I remind myself often that in all reality I lost 20 pounds in 2 months, so I am pretty proud of that and that is what helps keep me motivated to continue in the change process. I do have to say though that the change process is still difficult for. I do find that I am attempting to talk myself into splurges, and have caved from time to time, but definitely pay for it later. A perfect example is the other day I was not in my normal element and didn't get to pick awesome choices for my eating for day. I will admit and take full ownership that I could have done better than I did. I ate an apple fritter for breakfast (ohh from hy-vee so yummy), mcdonalds chicken nuggets (10 piece, yes I said 10 piece-shame shame) and french fries for lunch, and little ceasers pizza (2 pieces and about 4 breadsticks) for supper. Ridiculous day I know. But I totally paid for it later. I was so sick, in all areas (so lets not elaborate, right!!). I was up all night long. I learned a couple of things from this fateful day. First being that when I had been allowing myself to cheat before it was never the whole day, so I have been learning how to make boundaries and not go over board, and a treat is just that a treat. Second being that it doesn't take your body long to learn that "hey this stuff doesn't belong here", while your brain still says "this is the most heavenly morsels that God ever created". (My brain thinks in detail when it comes to food!!:). The last being that I was being terrible to my body before. That meal, in all reality, was a good deal LESS that what I could have normally eaten in a day prior to this life change. My average day before this looked a bit like this (sharing embarrassing stuff hasn't gotten any easier either): Breakfast-two iced honey buns and a large coffee with cream and caramel syrup; usually some sort of snack before lunch; Lunch-a package of Ramen Noodles (mmmmm) a bagel with turkey and cheese, chips and some sort of sweetness for desert; Supper-Spaghetti (heaping plate full of pasta) smothered in shredded cheese, a salad, and bread (several pieces of garlic bread), then usually some sort of snack afterwards before bed, maybe even an entire bad of microwave popcorn (extra butter of course). It is awful to even write this down, and I wondered why I was so big. I was so delusional that I could look in the mirror and be like "where did all this come from?"

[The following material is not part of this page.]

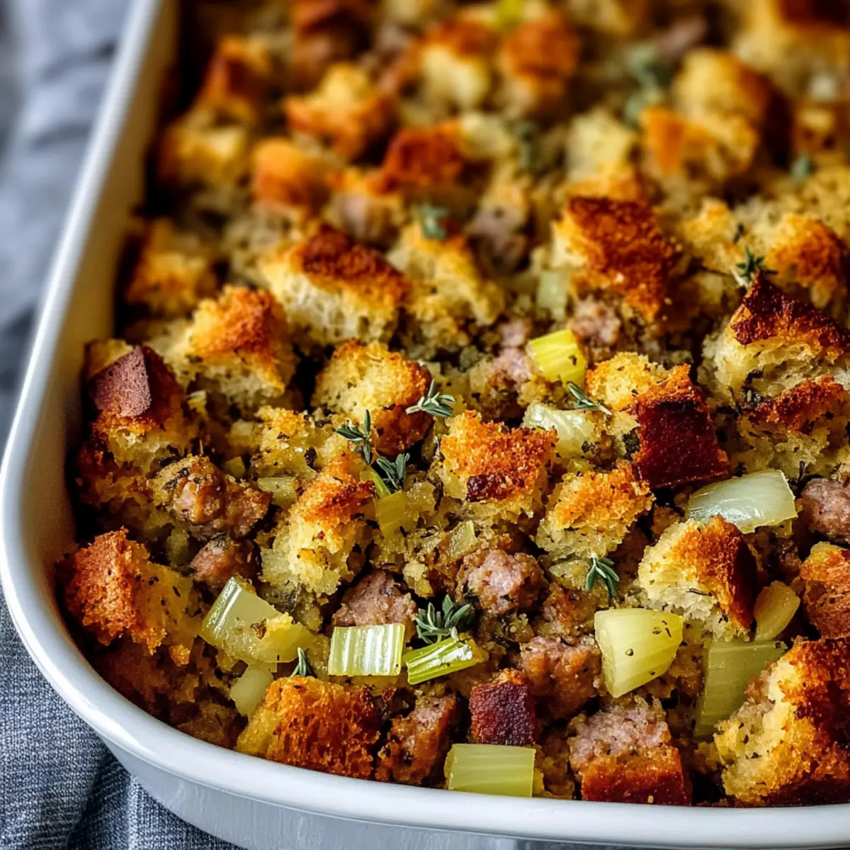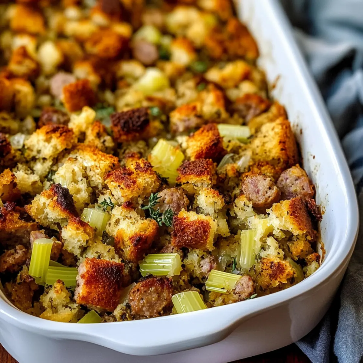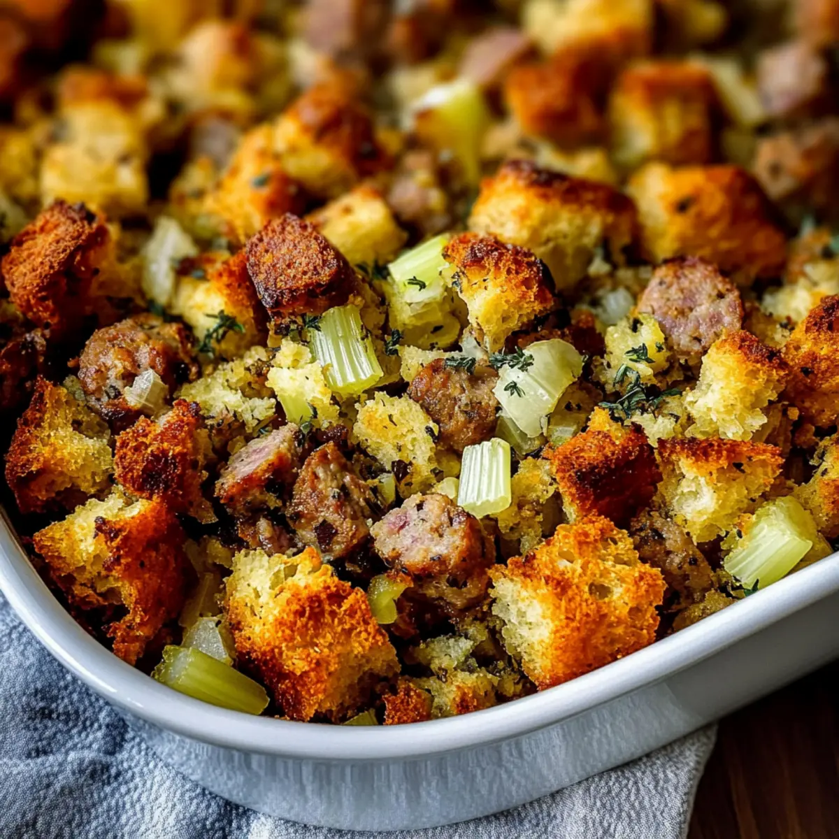 Blend of Sausages: Experiment with sausage varieties like sweet Italian or spicy chorizo. This personal touch can drastically change the flavor profile of your stuffing!

What I am afraid of now, because I had no concept of portion control or healthy eating, I passed that very unhealthy trait on to my unsuspecting 5 year old, giving him excessive amounts of food simply because I didn't understand healthy portions. He by no means is overweight so I am not worried about that because he is a wonderfully active little boy, but he is a big boy (brick shit house comes to mind!). So when I think about how I would like to give up I think of him and remember that it is not his fault I am unhealthy and he shouldn't have to learn that same bad behavior. So more changes to come in the Short house, and we are all on board.

What amazing things we can learn about ourselves if we chose to take a second and realize that we are not perfect, we have flaws, and we can all stand to grow some out of our box.

God grant me the serenity to accept the things I can not change, the courage to change the things I can and the wisdom to know the difference.

1 comment:

  1. Anna, your blog motivates and inspires me. I just started training for a 5k (yes, that's just over 3 miles). I'm using this program called "Couch-2-5k" and love how doable it is. I don't eat unhealthy for the most part, but I need to watch my portion control. So now let's see if we can put it all together. Maybe that will result in that weight loss that is eluding me for the past year. While pregnant with Bekah (my first), I had gestational diabetes, and I realized how hazardous my weight was. I weighed almost 250. I was down to 209, but keep fluxing between 211-214. I would LOVE to break through that 210 mark. I think it would be a breakthrough and I would finally leave this plateau. This 5k is something a friend of mine is putting on, so having a social motivator to be able to run 3 miles is just the motivator I need (I hope). Thank you for your honesty, Anna--you're helping me be brave in my own journey.